As early as 1941, Creutz was involved in the deportation and resettlement of German families from Lorraine and Luxembourg to Germany, in order to protect them from "undesirable influences" in those areas. He issued detailed instructions on the procedures to be followed and provided progress reports directly to Heinrich Himmler. In 1942, Creutz issued these orders to Reich Governors: "There are a great number of children in former Polish orphanages who, on account of their racial characteristics, must be considered to be children of Nordic parents. These children must be subjected to a racial and psychological selection procedure. Children found to be biologically valuable for the German Reich are to be Germanized." By 1943 these programs had expanded to include the outright abduction of both children and adults. In an eight-page report to Himmler, dated 25 March 1943, Creutz outlined the operations and gave details as to the measures he had ordered: "The selection of persons is to be made by the branch office of the SS Race and Settlement Main Office (RuSHA) in Litzmannstadt (Łódź). Persons found suitable for being Germanized are to be turned over to the individual Higher SS and Police Leaders in Germany proper."

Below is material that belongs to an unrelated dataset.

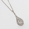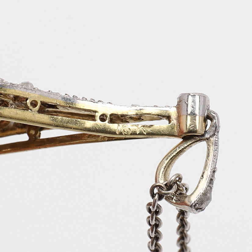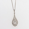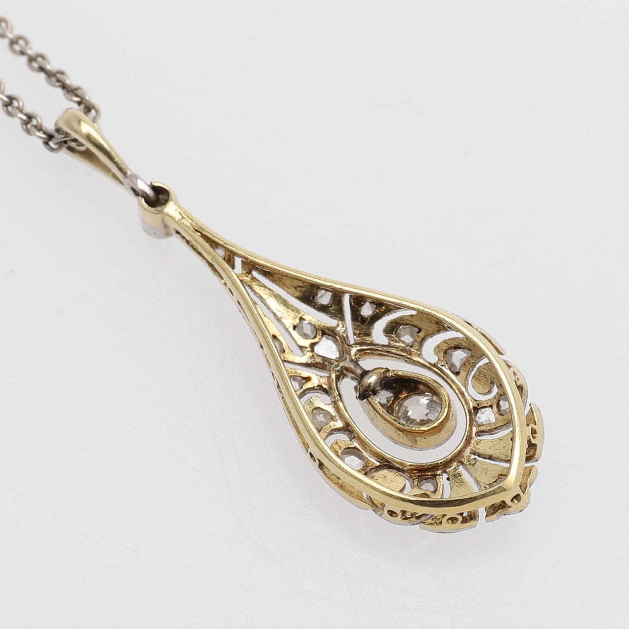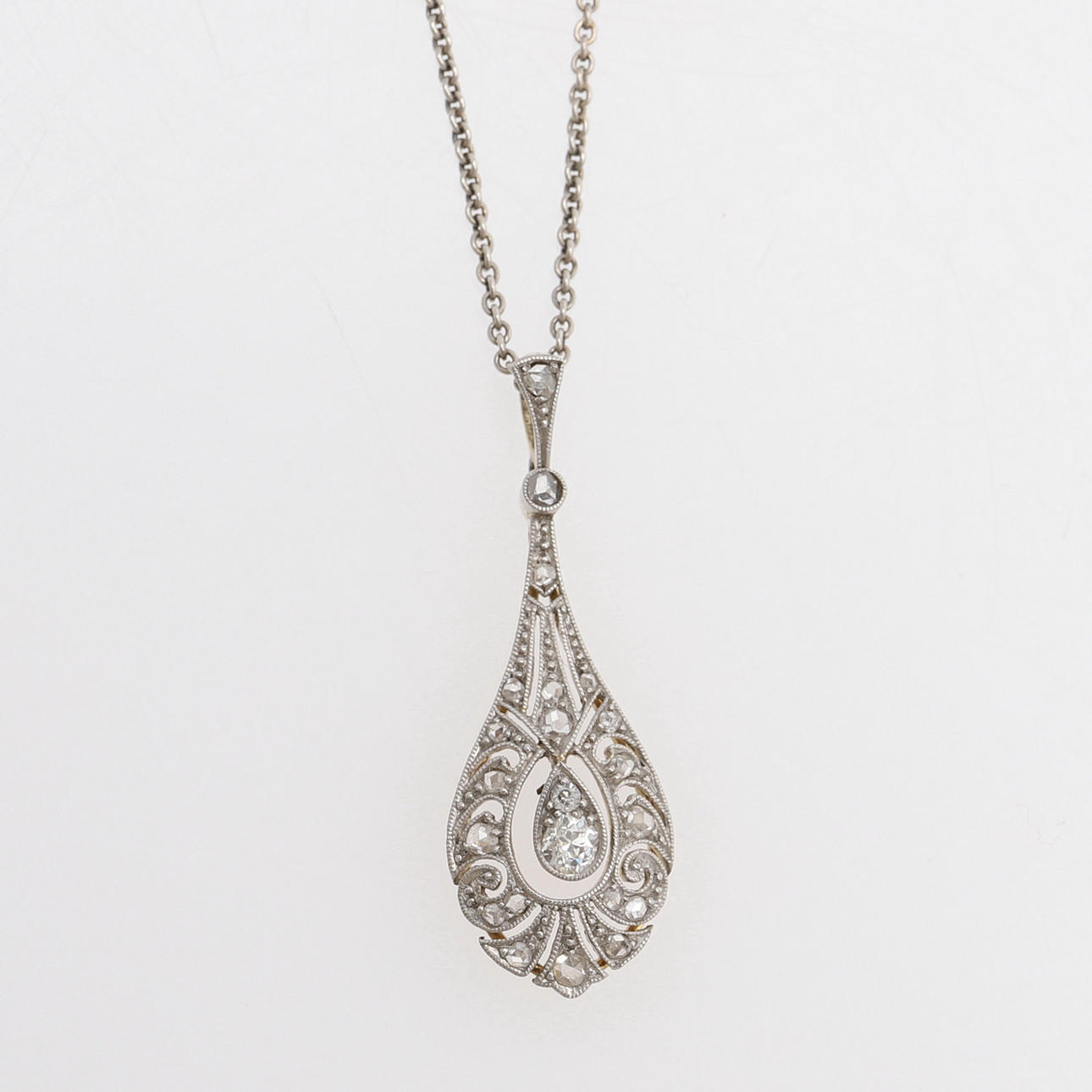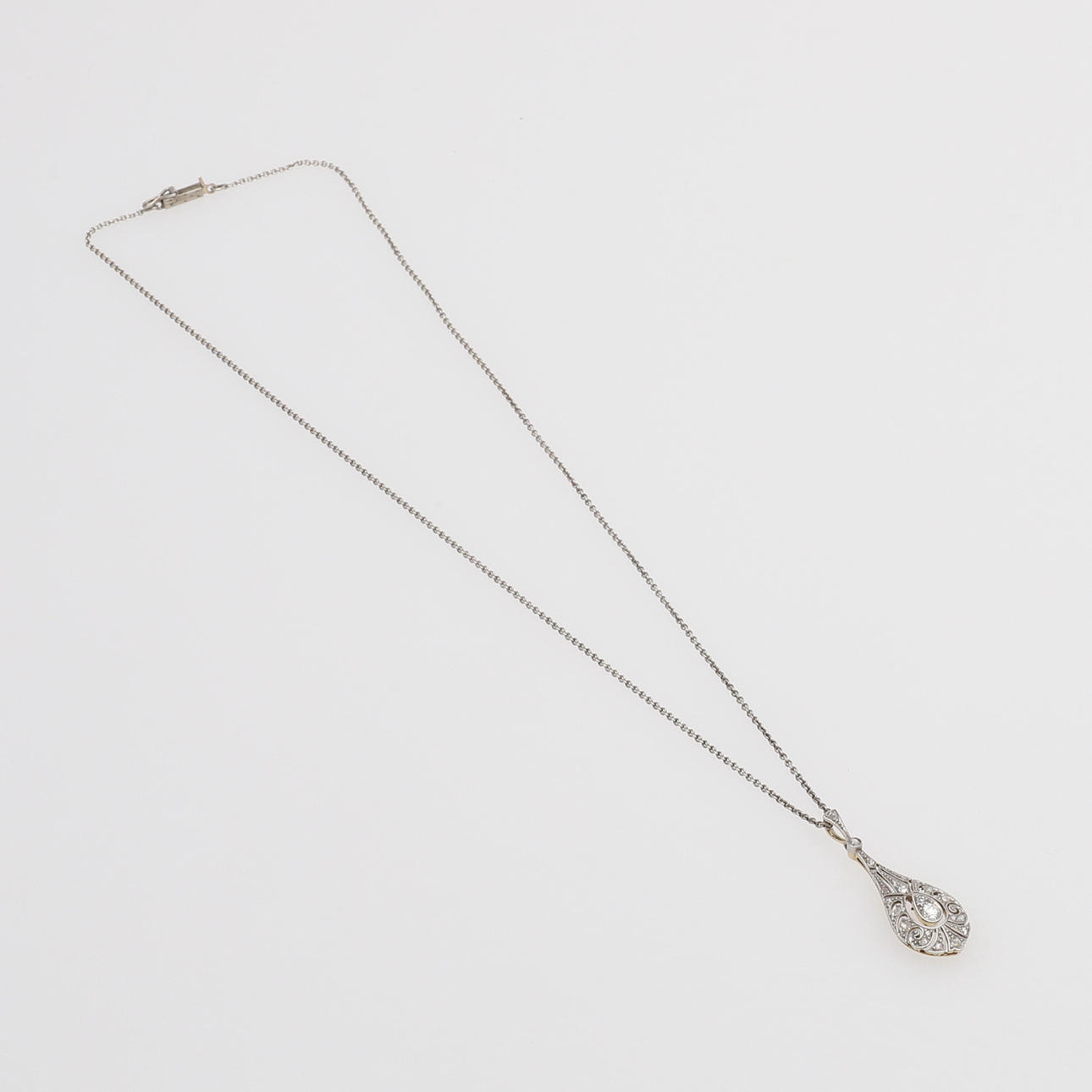 18k vitt guld med 21 gammal- och rosenslipade diamanter, 1900-talets första hälft, höjd ca 3 cm, vikt 1,9 gram. Samtida kedja av silver.

Creutz was arrested by the Allies at the end of World War II. In 1947 he was a defendant in the RuSHA Trial, the eighth trial of the Subsequent Nuremberg Trials. He was charged with crimes against humanity, war crimes and membership of a criminal organization (the SS). On 10 March 1948 he was convicted on the following counts: the kidnapping of alien children, in particular from France, Luxembourg, and Poland; the forced evacuation and resettlement of populations; the forced Germanization of enemy nationals; and the utilization of foreign nationals as slave labor. He was sentenced to 15 years in Landsberg Prison.

Creutz's sentence was reduced to 10 years in 1951, and he was released from prison later that year. He died on 8 July 1980 in Vienna, Austria.